Without the pictures, print each of the records below exactly as it appears.

***

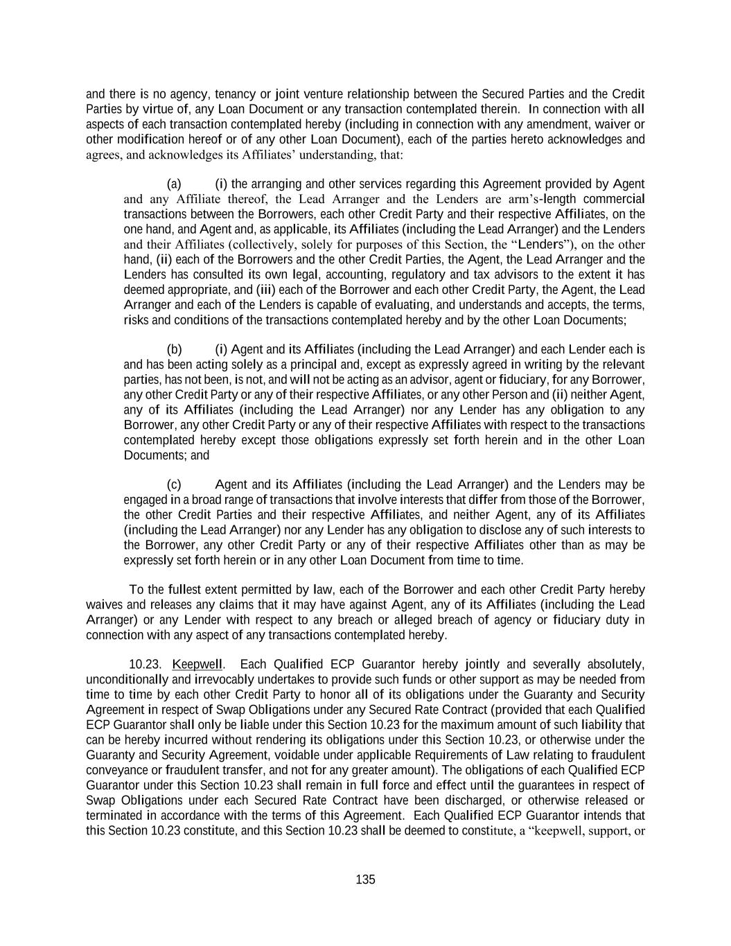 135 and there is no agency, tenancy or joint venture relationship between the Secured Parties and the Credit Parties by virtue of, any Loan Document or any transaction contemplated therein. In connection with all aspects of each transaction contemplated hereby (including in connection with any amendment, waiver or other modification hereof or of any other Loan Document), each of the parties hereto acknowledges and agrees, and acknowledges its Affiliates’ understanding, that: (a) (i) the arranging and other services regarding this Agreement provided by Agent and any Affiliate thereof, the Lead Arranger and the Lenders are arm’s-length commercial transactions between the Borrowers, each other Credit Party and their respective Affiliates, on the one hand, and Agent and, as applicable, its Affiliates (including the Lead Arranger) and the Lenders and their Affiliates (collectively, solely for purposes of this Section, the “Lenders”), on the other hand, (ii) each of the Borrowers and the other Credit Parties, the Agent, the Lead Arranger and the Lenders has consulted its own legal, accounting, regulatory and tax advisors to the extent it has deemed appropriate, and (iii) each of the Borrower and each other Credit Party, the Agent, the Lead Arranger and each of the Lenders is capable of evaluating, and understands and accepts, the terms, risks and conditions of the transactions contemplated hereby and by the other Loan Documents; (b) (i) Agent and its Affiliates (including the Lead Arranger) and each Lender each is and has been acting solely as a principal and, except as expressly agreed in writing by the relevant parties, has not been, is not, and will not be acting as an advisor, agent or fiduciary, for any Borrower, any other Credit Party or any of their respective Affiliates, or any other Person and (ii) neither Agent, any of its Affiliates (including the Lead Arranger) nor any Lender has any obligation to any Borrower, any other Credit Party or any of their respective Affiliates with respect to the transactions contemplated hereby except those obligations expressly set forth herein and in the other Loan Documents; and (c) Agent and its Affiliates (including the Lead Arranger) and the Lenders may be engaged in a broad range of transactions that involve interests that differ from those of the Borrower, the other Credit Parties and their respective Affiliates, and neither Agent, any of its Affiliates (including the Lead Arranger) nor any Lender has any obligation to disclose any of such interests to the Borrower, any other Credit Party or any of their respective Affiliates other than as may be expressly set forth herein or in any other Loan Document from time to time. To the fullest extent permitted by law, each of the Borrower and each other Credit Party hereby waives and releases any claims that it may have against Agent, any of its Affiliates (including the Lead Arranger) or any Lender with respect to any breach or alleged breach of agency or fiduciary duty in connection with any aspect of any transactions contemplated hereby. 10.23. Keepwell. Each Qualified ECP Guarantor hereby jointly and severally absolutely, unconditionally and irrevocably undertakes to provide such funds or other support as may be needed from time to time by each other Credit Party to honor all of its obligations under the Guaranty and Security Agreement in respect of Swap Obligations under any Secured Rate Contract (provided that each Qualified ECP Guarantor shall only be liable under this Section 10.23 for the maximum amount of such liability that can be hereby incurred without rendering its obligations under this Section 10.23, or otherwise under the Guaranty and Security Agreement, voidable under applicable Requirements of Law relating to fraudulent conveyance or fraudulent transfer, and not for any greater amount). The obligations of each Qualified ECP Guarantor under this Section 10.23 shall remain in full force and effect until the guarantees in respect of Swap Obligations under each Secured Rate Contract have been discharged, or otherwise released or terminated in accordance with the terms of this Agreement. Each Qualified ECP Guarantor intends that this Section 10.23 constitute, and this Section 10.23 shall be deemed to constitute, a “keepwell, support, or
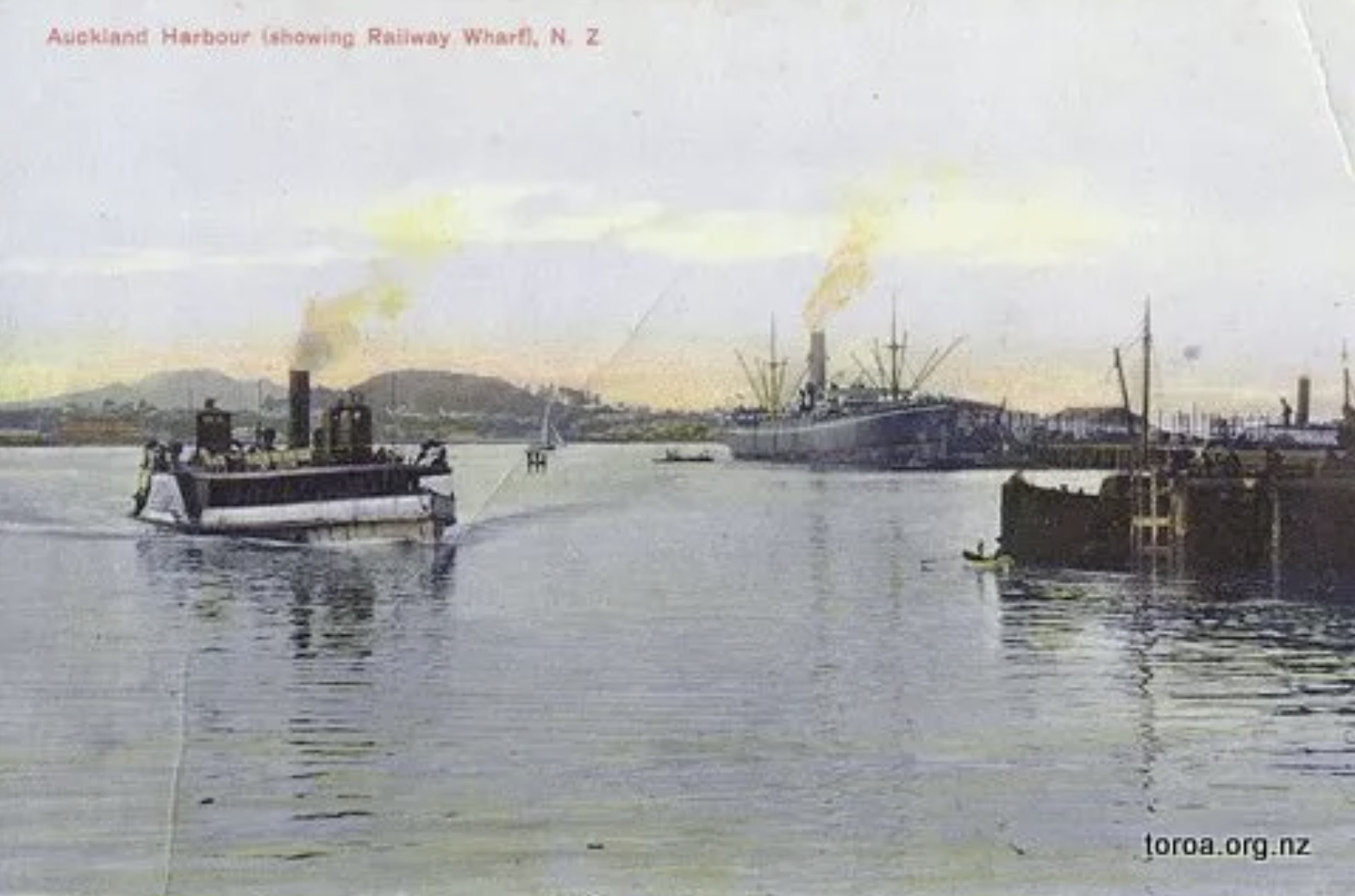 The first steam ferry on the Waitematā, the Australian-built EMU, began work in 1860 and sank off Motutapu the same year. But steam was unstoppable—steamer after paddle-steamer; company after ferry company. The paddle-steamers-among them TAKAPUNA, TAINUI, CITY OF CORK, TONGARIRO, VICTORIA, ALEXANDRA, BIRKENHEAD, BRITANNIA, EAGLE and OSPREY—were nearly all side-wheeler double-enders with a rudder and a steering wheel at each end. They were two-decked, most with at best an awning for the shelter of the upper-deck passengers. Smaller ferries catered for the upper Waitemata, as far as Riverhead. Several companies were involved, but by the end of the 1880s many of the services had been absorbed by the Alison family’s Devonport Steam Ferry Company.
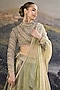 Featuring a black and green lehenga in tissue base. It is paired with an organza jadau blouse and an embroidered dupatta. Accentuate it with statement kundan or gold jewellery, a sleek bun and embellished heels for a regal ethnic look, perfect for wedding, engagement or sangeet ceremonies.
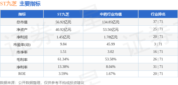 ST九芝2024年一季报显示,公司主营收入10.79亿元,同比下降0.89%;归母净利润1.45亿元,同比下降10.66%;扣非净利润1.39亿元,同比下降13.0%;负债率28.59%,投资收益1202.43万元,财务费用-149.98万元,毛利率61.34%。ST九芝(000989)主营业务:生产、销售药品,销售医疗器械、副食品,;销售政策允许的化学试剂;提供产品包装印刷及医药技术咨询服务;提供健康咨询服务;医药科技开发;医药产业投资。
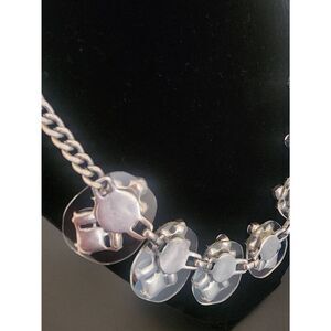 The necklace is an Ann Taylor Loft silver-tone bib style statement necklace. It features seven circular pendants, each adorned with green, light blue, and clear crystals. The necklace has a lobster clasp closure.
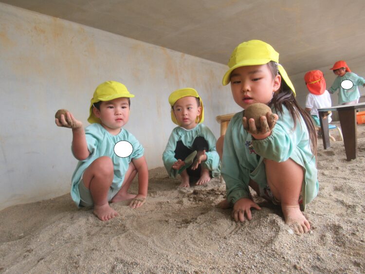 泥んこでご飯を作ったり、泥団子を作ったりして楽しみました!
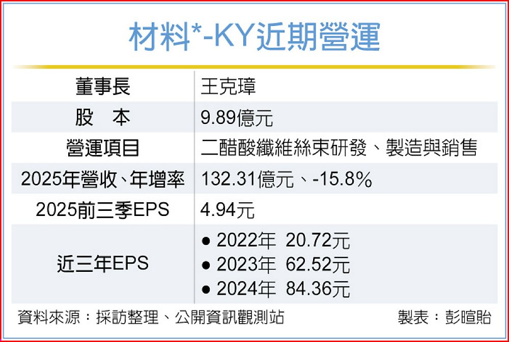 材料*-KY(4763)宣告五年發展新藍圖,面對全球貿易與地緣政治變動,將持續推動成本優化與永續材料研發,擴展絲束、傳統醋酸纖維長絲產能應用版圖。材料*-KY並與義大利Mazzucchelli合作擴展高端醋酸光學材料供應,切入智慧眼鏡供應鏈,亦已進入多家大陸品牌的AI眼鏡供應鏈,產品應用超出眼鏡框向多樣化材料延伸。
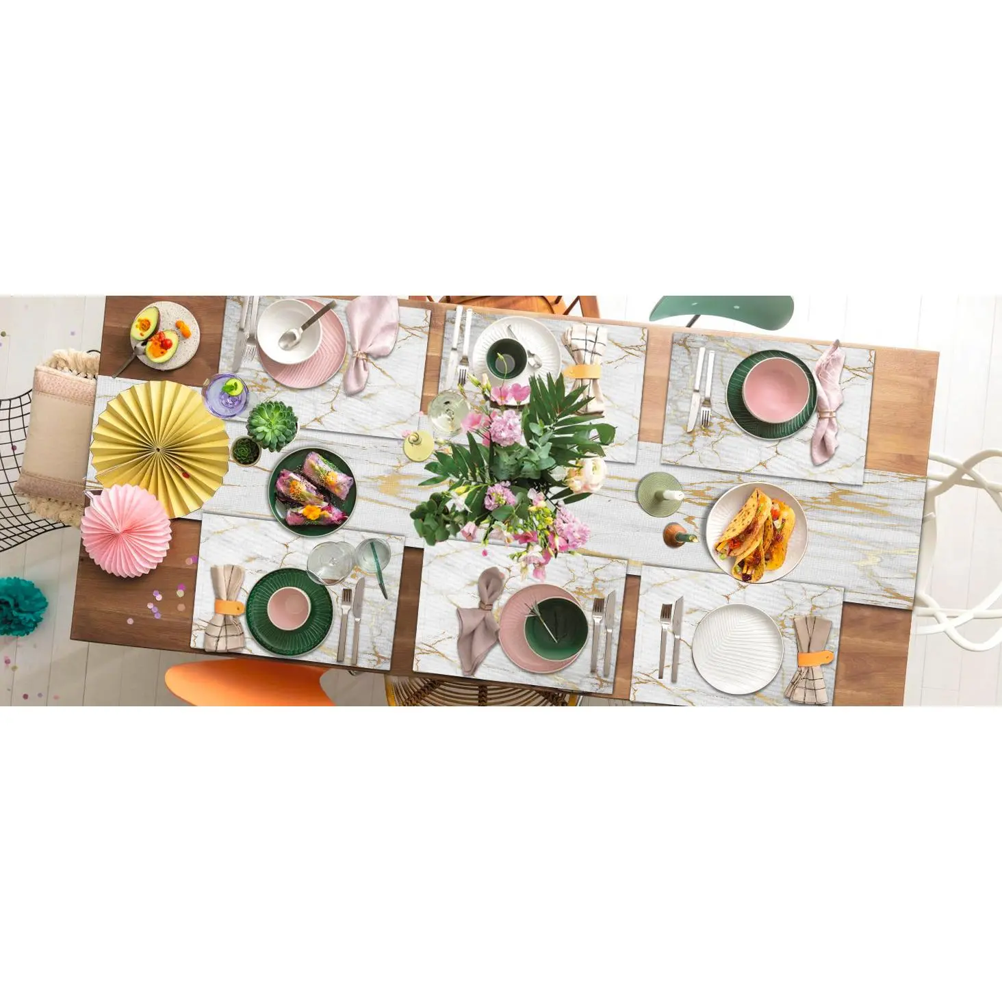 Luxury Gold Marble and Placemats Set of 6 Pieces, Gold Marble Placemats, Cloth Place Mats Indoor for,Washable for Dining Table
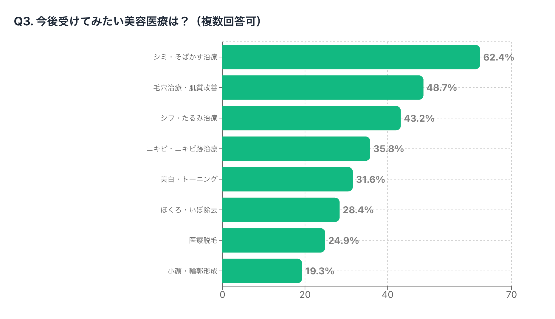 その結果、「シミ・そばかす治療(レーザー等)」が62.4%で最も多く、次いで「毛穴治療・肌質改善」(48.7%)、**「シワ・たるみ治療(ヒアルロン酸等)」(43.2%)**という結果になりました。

***

### Output of the task
 135 and there is no agency, tenancy or joint venture relationship between the Secured Parties and the Credit Parties by virtue of, any Loan Document or any transaction contemplated therein. In connection with all aspects of each transaction contemplated hereby (including in connection with any amendment, waiver or other modification hereof or of any other Loan Document), each of the parties hereto acknowledges and agrees, and acknowledges its Affiliates’ understanding, that: (a) (i) the arranging and other services regarding this Agreement provided by Agent and any Affiliate thereof, the Lead Arranger and the Lenders are arm’s-length commercial transactions between the Borrowers, each other Credit Party and their respective Affiliates, on the one hand, and Agent and, as applicable, its Affiliates (including the Lead Arranger) and the Lenders and their Affiliates (collectively, solely for purposes of this Section, the “Lenders”), on the other hand, (ii) each of the Borrowers and the other Credit Parties, the Agent, the Lead Arranger and the Lenders has consulted its own legal, accounting, regulatory and tax advisors to the extent it has deemed appropriate, and (iii) each of the Borrower and each other Credit Party, the Agent, the Lead Arranger and each of the Lenders is capable of evaluating, and understands and accepts, the terms, risks and conditions of the transactions contemplated hereby and by the other Loan Documents; (b) (i) Agent and its Affiliates (including the Lead Arranger) and each Lender each is and has been acting solely as a principal and, except as expressly agreed in writing by the relevant parties, has not been, is not, and will not be acting as an advisor, agent or fiduciary, for any Borrower, any other Credit Party or any of their respective Affiliates, or any other Person and (ii) neither Agent, any of its Affiliates (including the Lead Arranger) nor any Lender has any obligation to any Borrower, any other Credit Party or any of their respective Affiliates with respect to the transactions contemplated hereby except those obligations expressly set forth herein and in the other Loan Documents; and (c) Agent and its Affiliates (including the Lead Arranger) and the Lenders may be engaged in a broad range of transactions that involve interests that differ from those of the Borrower, the other Credit Parties and their respective Affiliates, and neither Agent, any of its Affiliates (including the Lead Arranger) nor any Lender has any obligation to disclose any of such interests to the Borrower, any other Credit Party or any of their respective Affiliates other than as may be expressly set forth herein or in any other Loan Document from time to time. To the fullest extent permitted by law, each of the Borrower and each other Credit Party hereby waives and releases any claims that it may have against Agent, any of its Affiliates (including the Lead Arranger) or any Lender with respect to any breach or alleged breach of agency or fiduciary duty in connection with any aspect of any transactions contemplated hereby. 10.23. Keepwell. Each Qualified ECP Guarantor hereby jointly and severally absolutely, unconditionally and irrevocably undertakes to provide such funds or other support as may be needed from time to time by each other Credit Party to honor all of its obligations under the Guaranty and Security Agreement in respect of Swap Obligations under any Secured Rate Contract (provided that each Qualified ECP Guarantor shall only be liable under this Section 10.23 for the maximum amount of such liability that can be hereby incurred without rendering its obligations under this Section 10.23, or otherwise under the Guaranty and Security Agreement, voidable under applicable Requirements of Law relating to fraudulent conveyance or fraudulent transfer, and not for any greater amount). The obligations of each Qualified ECP Guarantor under this Section 10.23 shall remain in full force and effect until the guarantees in respect of Swap Obligations under each Secured Rate Contract have been discharged, or otherwise released or terminated in accordance with the terms of this Agreement. Each Qualified ECP Guarantor intends that this Section 10.23 constitute, and this Section 10.23 shall be deemed to constitute, a “keepwell, support, or
 The first steam ferry on the Waitematā, the Australian-built EMU, began work in 1860 and sank off Motutapu the same year. But steam was unstoppable—steamer after paddle-steamer; company after ferry company. The paddle-steamers-among them TAKAPUNA, TAINUI, CITY OF CORK, TONGARIRO, VICTORIA, ALEXANDRA, BIRKENHEAD, BRITANNIA, EAGLE and OSPREY—were nearly all side-wheeler double-enders with a rudder and a steering wheel at each end. They were two-decked, most with at best an awning for the shelter of the upper-deck passengers. Smaller ferries catered for the upper Waitemata, as far as Riverhead. Several companies were involved, but by the end of the 1880s many of the services had been absorbed by the Alison family’s Devonport Steam Ferry Company.
 Featuring a black and green lehenga in tissue base. It is paired with an organza jadau blouse and an embroidered dupatta. Accentuate it with statement kundan or gold jewellery, a sleek bun and embellished heels for a regal ethnic look, perfect for wedding, engagement or sangeet ceremonies.
 ST九芝2024年一季报显示,公司主营收入10.79亿元,同比下降0.89%;归母净利润1.45亿元,同比下降10.66%;扣非净利润1.39亿元,同比下降13.0%;负债率28.59%,投资收益1202.43万元,财务费用-149.98万元,毛利率61.34%。ST九芝(000989)主营业务:生产、销售药品,销售医疗器械、副食品,;销售政策允许的化学试剂;提供产品包装印刷及医药技术咨询服务;提供健康咨询服务;医药科技开发;医药产业投资。
 The necklace is an Ann Taylor Loft silver-tone bib style statement necklace. It features seven circular pendants, each adorned with green, light blue, and clear crystals. The necklace has a lobster clasp closure.
 泥んこでご飯を作ったり、泥団子を作ったりして楽しみました!
 材料*-KY(4763)宣告五年發展新藍圖,面對全球貿易與地緣政治變動,將持續推動成本優化與永續材料研發,擴展絲束、傳統醋酸纖維長絲產能應用版圖。材料*-KY並與義大利Mazzucchelli合作擴展高端醋酸光學材料供應,切入智慧眼鏡供應鏈,亦已進入多家大陸品牌的AI眼鏡供應鏈,產品應用超出眼鏡框向多樣化材料延伸。
 Luxury Gold Marble and Placemats Set of 6 Pieces, Gold Marble Placemats, Cloth Place Mats Indoor for,Washable for Dining Table
 その結果、「シミ・そばかす治療(レーザー等)」が62.4%で最も多く、次いで「毛穴治療・肌質改善」(48.7%)、**「シワ・たるみ治療(ヒアルロン酸等)」(43.2%)**という結果になりました。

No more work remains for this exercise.